▶ WORK TASK
Only lines containing "warm" belong in the answer, each copied from the entries below.

▶ MATERIAL FOR THE TASK
==========
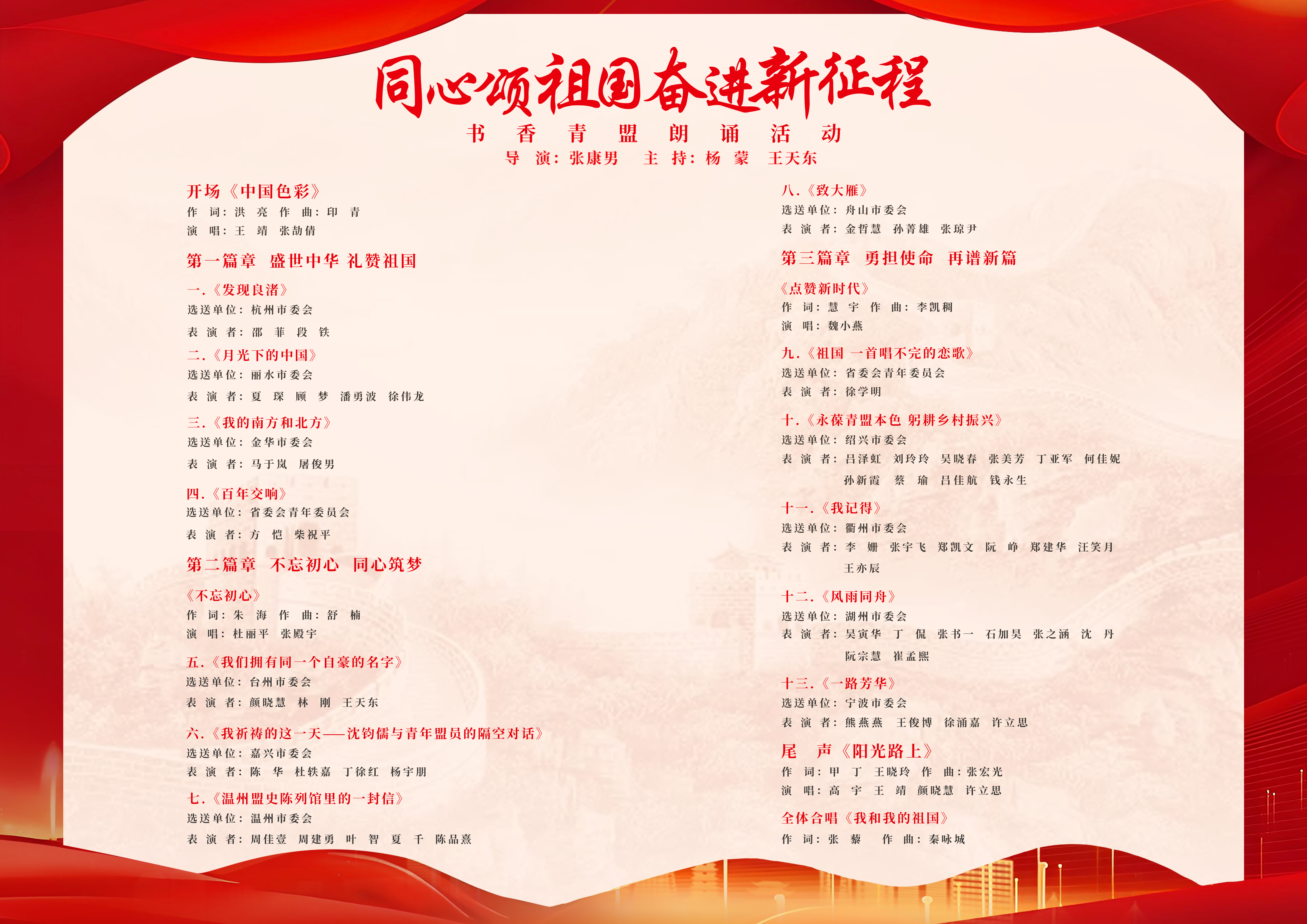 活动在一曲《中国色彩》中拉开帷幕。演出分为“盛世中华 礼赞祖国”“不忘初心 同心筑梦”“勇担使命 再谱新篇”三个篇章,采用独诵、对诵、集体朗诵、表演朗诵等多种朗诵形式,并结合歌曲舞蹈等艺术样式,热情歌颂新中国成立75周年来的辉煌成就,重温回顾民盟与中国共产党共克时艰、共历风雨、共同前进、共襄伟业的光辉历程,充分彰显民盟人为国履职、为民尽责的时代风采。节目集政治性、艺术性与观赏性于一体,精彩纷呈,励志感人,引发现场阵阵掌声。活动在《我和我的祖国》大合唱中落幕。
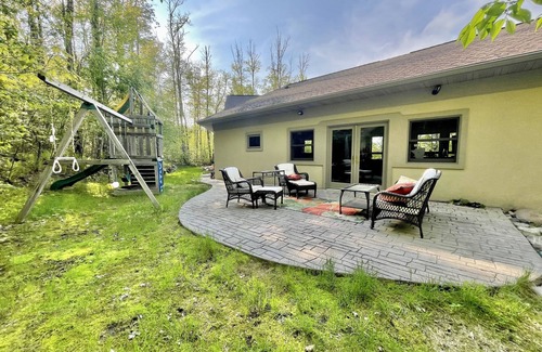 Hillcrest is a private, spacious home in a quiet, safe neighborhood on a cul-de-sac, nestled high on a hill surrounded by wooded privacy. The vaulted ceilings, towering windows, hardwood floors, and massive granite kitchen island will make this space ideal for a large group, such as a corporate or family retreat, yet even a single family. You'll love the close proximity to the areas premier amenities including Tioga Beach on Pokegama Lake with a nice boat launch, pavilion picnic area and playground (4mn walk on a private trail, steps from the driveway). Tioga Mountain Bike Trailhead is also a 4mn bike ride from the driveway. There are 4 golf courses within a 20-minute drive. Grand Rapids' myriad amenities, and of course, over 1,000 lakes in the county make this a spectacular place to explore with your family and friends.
==========
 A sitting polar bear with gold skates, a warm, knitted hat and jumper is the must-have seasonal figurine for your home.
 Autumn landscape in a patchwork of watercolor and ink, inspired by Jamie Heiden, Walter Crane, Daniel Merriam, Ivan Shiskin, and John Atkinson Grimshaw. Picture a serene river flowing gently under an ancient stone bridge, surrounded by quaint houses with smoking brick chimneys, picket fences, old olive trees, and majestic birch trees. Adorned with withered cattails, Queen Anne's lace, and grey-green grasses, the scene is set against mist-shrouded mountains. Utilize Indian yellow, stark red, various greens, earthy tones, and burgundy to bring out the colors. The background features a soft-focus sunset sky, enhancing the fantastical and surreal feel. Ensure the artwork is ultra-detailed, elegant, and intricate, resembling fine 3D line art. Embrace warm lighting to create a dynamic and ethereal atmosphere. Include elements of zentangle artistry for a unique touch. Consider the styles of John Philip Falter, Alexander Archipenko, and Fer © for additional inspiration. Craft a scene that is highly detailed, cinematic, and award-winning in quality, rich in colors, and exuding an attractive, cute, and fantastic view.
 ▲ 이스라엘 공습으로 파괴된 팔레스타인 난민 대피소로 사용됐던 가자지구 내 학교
==========
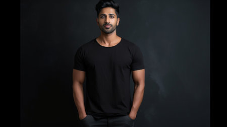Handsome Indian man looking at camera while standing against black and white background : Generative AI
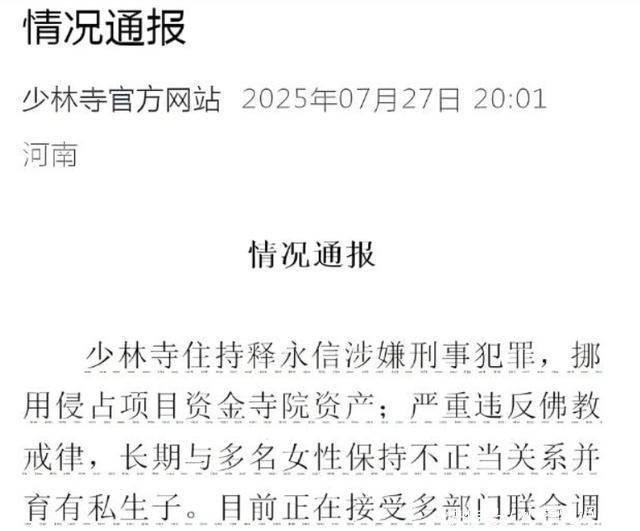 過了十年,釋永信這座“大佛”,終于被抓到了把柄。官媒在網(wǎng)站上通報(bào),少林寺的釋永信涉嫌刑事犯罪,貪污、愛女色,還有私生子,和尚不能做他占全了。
==========
▶ OUTPUT FOR THIS TASK
 A sitting polar bear with gold skates, a warm, knitted hat and jumper is the must-have seasonal figurine for your home.
 Autumn landscape in a patchwork of watercolor and ink, inspired by Jamie Heiden, Walter Crane, Daniel Merriam, Ivan Shiskin, and John Atkinson Grimshaw. Picture a serene river flowing gently under an ancient stone bridge, surrounded by quaint houses with smoking brick chimneys, picket fences, old olive trees, and majestic birch trees. Adorned with withered cattails, Queen Anne's lace, and grey-green grasses, the scene is set against mist-shrouded mountains. Utilize Indian yellow, stark red, various greens, earthy tones, and burgundy to bring out the colors. The background features a soft-focus sunset sky, enhancing the fantastical and surreal feel. Ensure the artwork is ultra-detailed, elegant, and intricate, resembling fine 3D line art. Embrace warm lighting to create a dynamic and ethereal atmosphere. Include elements of zentangle artistry for a unique touch. Consider the styles of John Philip Falter, Alexander Archipenko, and Fer © for additional inspiration. Craft a scene that is highly detailed, cinematic, and award-winning in quality, rich in colors, and exuding an attractive, cute, and fantastic view.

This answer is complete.